Collected data
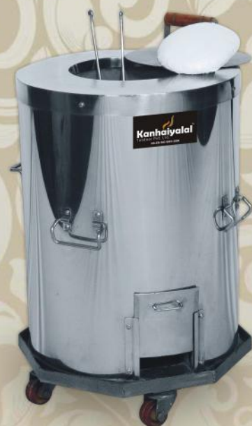
SS Round Tandoor
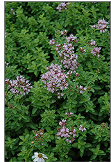
Dwarf Oregano flowers

Aside from its primary use as an edible, Dwarf Oregano is suitable for the following landscape applications;
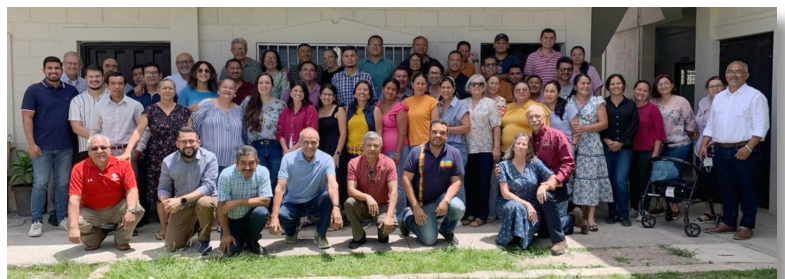
Iglesia Bautista Imanuel Conference in Honduras
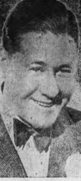
Jack Oakie's clowning contributes to the joy of "King of Burlesque" at the Pitt Tuesday and Wednesday.

Exercise:
Reproduce the data verbatim. Do not carry any picture into the copy.

Response:
SS Round Tandoor
Dwarf Oregano flowers

Aside from its primary use as an edible, Dwarf Oregano is suitable for the following landscape applications;
Iglesia Bautista Imanuel Conference in Honduras
Jack Oakie's clowning contributes to the joy of "King of Burlesque" at the Pitt Tuesday and Wednesday.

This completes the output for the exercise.